[Collected data]
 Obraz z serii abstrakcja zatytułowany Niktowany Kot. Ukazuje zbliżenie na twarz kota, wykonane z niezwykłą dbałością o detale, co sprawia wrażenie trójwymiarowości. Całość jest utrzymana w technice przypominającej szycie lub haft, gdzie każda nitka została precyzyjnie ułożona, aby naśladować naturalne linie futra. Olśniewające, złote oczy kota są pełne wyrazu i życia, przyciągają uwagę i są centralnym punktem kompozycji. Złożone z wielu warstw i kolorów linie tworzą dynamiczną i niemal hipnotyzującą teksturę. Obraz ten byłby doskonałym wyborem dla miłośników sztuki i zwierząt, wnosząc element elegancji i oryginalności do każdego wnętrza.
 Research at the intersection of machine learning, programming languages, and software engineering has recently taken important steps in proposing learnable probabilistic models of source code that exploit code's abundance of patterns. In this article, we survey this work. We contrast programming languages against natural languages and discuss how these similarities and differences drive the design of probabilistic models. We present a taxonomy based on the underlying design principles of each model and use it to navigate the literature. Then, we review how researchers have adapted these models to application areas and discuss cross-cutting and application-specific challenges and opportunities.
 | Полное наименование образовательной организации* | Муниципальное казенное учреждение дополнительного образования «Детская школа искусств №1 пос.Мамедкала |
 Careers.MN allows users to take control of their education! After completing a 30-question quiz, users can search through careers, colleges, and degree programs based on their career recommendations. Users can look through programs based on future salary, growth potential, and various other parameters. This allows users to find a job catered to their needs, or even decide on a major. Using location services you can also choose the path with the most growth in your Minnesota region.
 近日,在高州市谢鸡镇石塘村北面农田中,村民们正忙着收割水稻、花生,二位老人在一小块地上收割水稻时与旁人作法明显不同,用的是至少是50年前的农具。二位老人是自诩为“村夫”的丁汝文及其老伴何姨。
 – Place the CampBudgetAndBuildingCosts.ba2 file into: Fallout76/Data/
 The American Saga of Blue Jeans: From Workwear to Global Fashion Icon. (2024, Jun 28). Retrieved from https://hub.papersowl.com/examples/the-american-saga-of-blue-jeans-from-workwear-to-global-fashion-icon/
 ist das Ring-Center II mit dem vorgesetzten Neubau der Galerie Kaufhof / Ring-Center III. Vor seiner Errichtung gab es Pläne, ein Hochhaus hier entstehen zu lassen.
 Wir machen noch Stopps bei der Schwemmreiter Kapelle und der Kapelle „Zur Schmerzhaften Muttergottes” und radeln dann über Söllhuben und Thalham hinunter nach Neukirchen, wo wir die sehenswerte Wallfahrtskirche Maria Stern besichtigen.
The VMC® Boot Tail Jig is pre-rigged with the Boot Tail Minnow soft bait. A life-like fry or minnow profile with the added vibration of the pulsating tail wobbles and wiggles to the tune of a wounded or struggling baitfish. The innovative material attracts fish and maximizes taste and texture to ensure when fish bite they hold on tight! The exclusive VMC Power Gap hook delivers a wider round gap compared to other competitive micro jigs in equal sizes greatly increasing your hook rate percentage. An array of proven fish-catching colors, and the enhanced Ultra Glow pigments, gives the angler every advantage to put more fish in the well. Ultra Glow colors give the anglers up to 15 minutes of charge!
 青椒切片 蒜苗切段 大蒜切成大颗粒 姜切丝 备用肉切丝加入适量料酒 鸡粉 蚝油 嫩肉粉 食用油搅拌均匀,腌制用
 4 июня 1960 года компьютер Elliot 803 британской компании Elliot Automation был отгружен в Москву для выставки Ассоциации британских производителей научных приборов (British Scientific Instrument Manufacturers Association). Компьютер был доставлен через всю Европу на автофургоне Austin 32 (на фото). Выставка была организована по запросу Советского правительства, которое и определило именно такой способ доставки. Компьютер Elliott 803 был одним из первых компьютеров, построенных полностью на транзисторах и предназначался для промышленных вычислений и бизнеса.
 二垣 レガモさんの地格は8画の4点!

> **EXERCISE DIRECTIONS**: All lines above from the line with "file into: Fallout76/Data/" through the line with "Wir machen noch", both included, are to be set down exactly, with nothing else.

> **EXERCISE RESULT**:
 – Place the CampBudgetAndBuildingCosts.ba2 file into: Fallout76/Data/
 The American Saga of Blue Jeans: From Workwear to Global Fashion Icon. (2024, Jun 28). Retrieved from https://hub.papersowl.com/examples/the-american-saga-of-blue-jeans-from-workwear-to-global-fashion-icon/
 ist das Ring-Center II mit dem vorgesetzten Neubau der Galerie Kaufhof / Ring-Center III. Vor seiner Errichtung gab es Pläne, ein Hochhaus hier entstehen zu lassen.
 Wir machen noch Stopps bei der Schwemmreiter Kapelle und der Kapelle „Zur Schmerzhaften Muttergottes” und radeln dann über Söllhuben und Thalham hinunter nach Neukirchen, wo wir die sehenswerte Wallfahrtskirche Maria Stern besichtigen.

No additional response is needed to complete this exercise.